Exercise instructions: Using the listing below, set down each line from the line containing "根据中国石油和化学工业联合会" through the line containing "W ofercie znajdują", both ends included, exactly and with nothing added.
======== Data provided
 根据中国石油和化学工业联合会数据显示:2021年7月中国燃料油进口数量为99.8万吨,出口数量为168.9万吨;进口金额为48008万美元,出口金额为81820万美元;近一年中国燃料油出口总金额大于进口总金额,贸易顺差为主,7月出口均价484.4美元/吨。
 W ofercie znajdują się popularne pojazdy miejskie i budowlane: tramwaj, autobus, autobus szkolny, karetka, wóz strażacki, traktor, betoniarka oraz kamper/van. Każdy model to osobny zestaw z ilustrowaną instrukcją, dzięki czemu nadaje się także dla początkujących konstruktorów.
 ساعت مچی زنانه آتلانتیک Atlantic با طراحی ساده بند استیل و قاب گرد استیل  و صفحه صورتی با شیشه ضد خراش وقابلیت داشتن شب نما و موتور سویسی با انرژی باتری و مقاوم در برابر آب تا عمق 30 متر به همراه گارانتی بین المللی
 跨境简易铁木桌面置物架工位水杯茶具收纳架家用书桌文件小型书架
================
======== Data provided
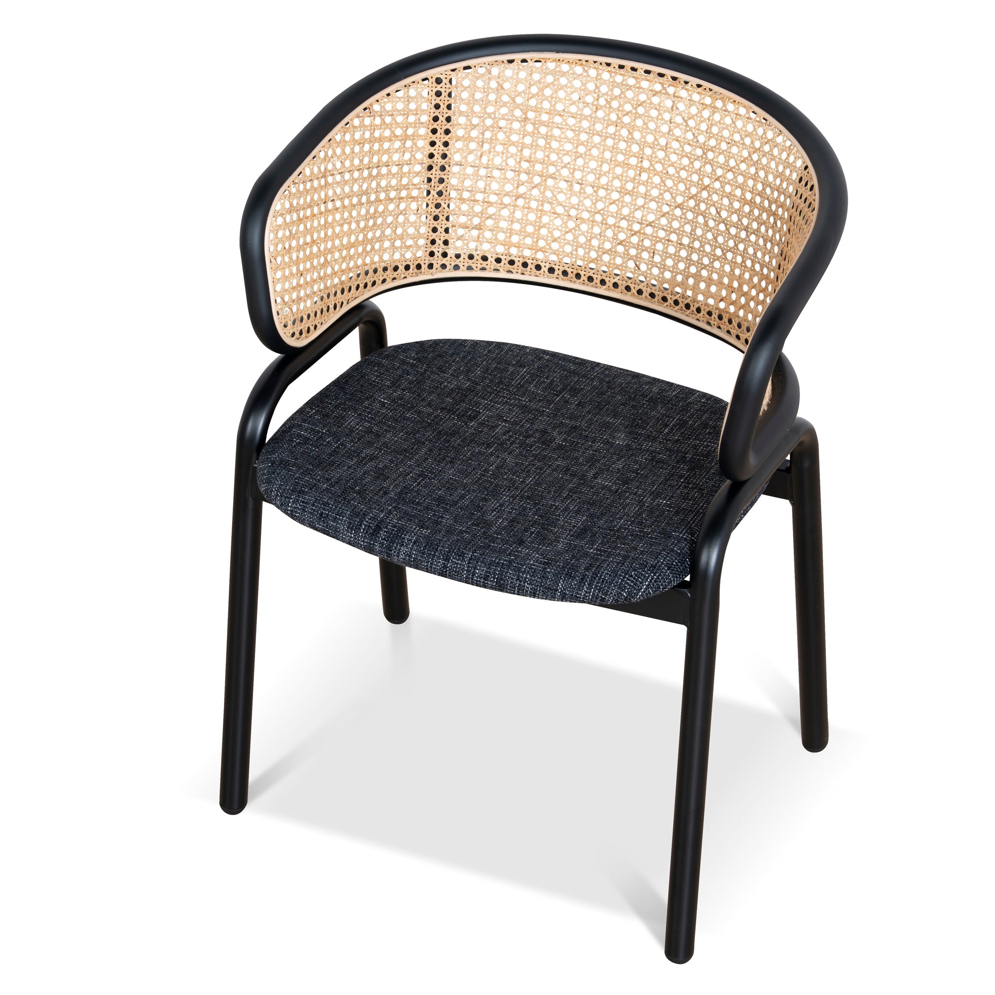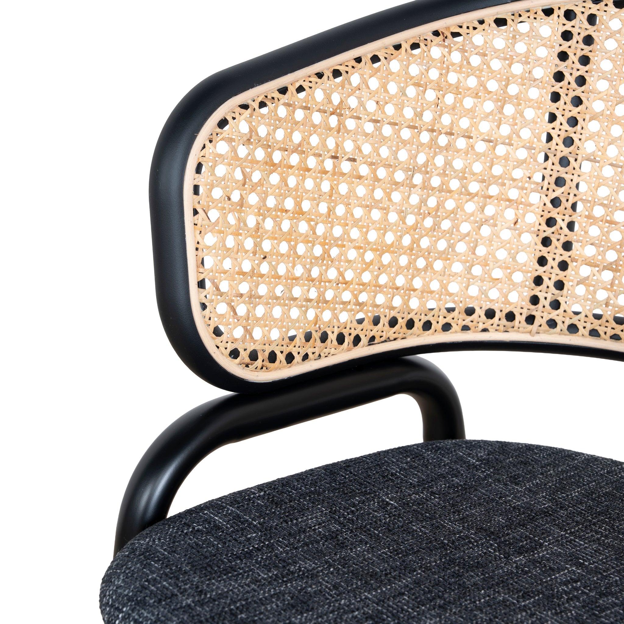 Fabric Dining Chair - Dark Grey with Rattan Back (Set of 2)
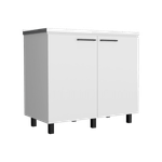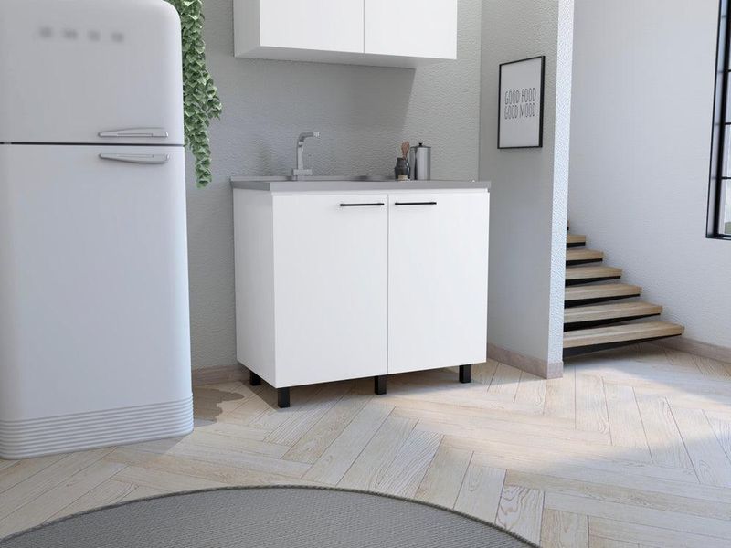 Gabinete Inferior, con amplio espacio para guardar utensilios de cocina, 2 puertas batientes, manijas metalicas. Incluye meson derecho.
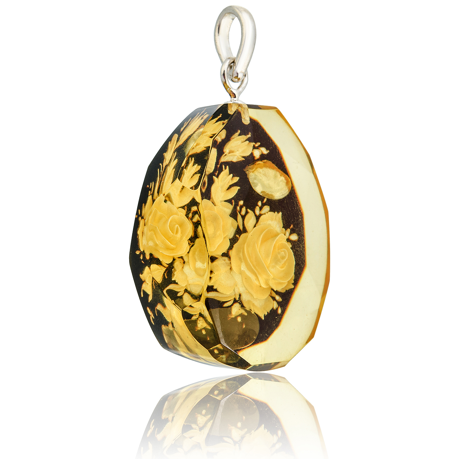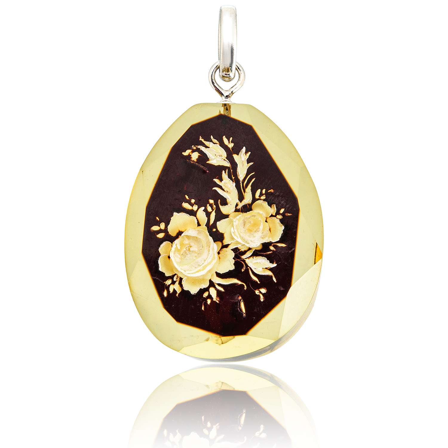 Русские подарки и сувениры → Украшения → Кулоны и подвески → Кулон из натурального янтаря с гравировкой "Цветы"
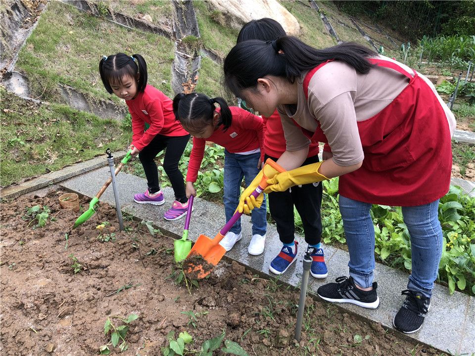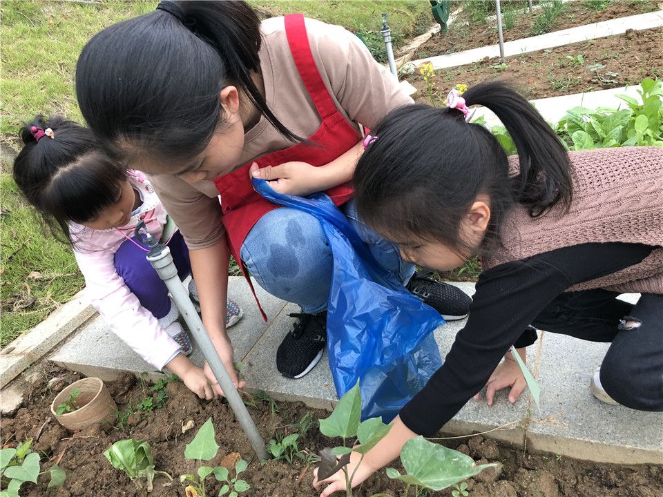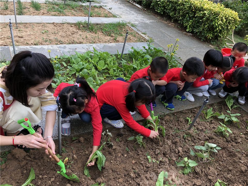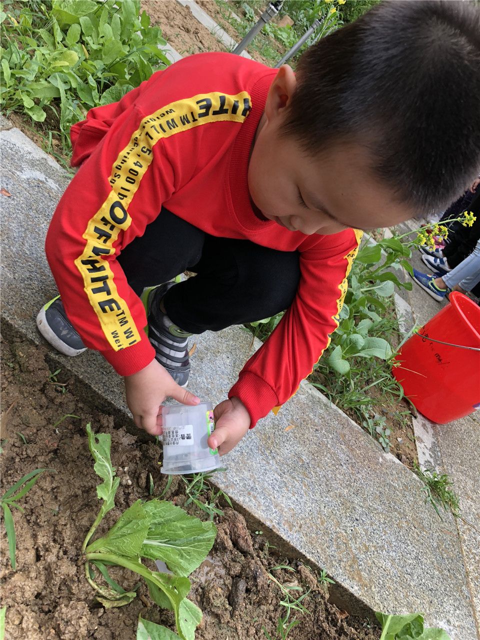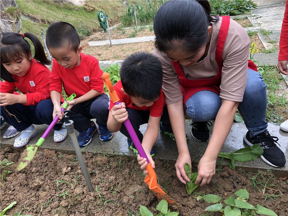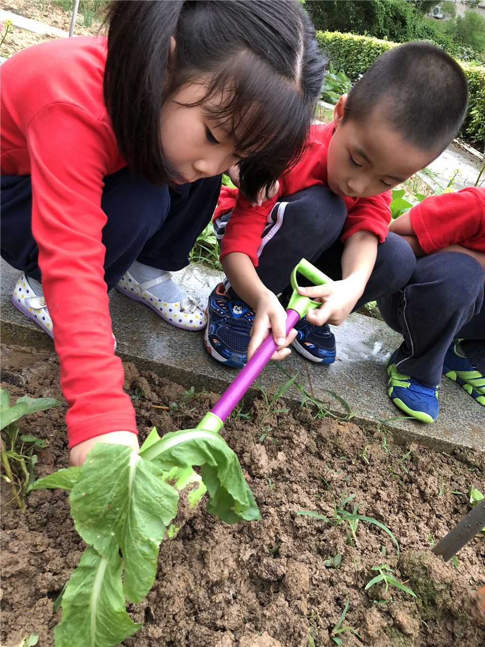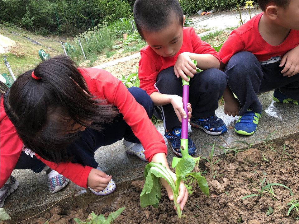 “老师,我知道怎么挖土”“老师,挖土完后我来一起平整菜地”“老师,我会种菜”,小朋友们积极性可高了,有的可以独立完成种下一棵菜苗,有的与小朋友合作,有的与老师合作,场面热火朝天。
================
======== Data provided
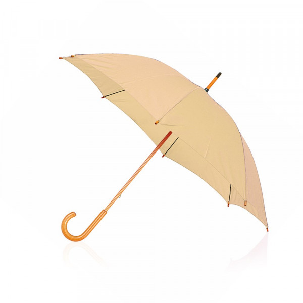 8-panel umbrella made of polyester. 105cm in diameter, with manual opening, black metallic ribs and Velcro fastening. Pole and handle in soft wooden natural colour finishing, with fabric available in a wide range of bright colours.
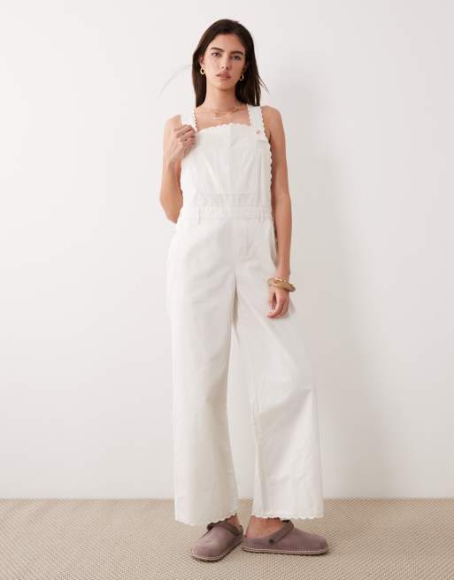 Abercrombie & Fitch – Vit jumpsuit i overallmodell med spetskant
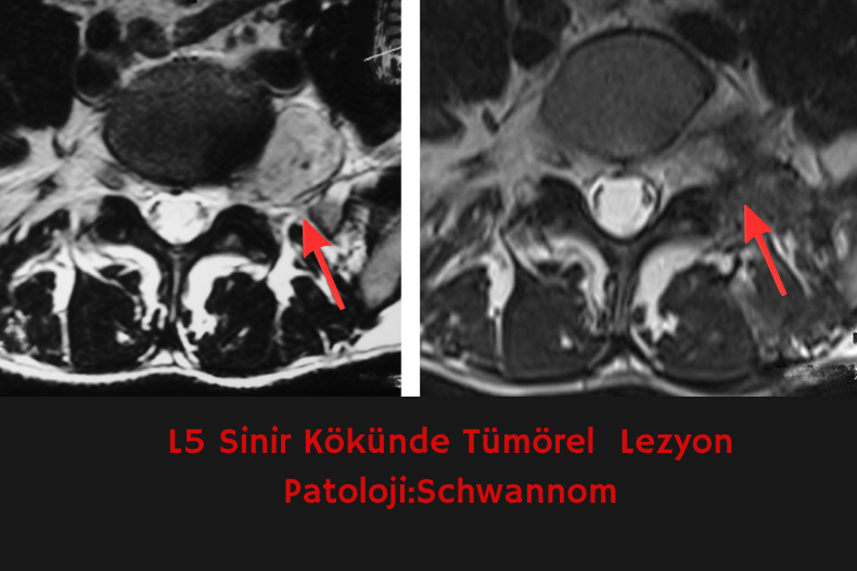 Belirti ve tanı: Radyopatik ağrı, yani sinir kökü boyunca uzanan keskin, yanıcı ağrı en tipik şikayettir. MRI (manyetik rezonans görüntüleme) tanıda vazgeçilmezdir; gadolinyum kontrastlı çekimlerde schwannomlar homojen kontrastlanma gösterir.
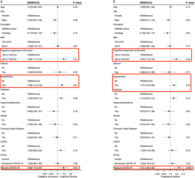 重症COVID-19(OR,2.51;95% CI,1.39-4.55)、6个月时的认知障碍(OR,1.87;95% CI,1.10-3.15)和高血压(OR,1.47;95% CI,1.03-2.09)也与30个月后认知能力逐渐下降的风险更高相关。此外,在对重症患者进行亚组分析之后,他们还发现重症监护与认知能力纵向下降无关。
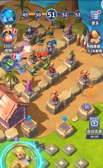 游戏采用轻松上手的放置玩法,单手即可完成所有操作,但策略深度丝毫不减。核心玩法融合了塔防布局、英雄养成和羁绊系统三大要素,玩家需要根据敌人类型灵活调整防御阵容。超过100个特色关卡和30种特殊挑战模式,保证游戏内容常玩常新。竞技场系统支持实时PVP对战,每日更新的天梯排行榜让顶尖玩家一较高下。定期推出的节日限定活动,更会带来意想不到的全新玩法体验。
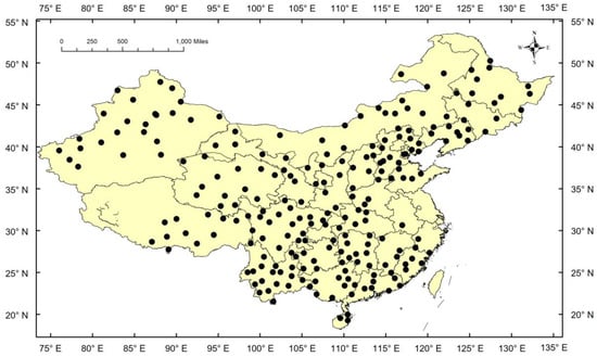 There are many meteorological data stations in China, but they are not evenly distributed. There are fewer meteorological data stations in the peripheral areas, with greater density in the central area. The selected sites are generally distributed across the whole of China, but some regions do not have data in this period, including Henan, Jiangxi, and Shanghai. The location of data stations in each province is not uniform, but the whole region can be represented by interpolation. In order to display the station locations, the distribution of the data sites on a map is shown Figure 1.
================
Written response:
 根据中国石油和化学工业联合会数据显示:2021年7月中国燃料油进口数量为99.8万吨,出口数量为168.9万吨;进口金额为48008万美元,出口金额为81820万美元;近一年中国燃料油出口总金额大于进口总金额,贸易顺差为主,7月出口均价484.4美元/吨。
 W ofercie znajdują się popularne pojazdy miejskie i budowlane: tramwaj, autobus, autobus szkolny, karetka, wóz strażacki, traktor, betoniarka oraz kamper/van. Każdy model to osobny zestaw z ilustrowaną instrukcją, dzięki czemu nadaje się także dla początkujących konstruktorów.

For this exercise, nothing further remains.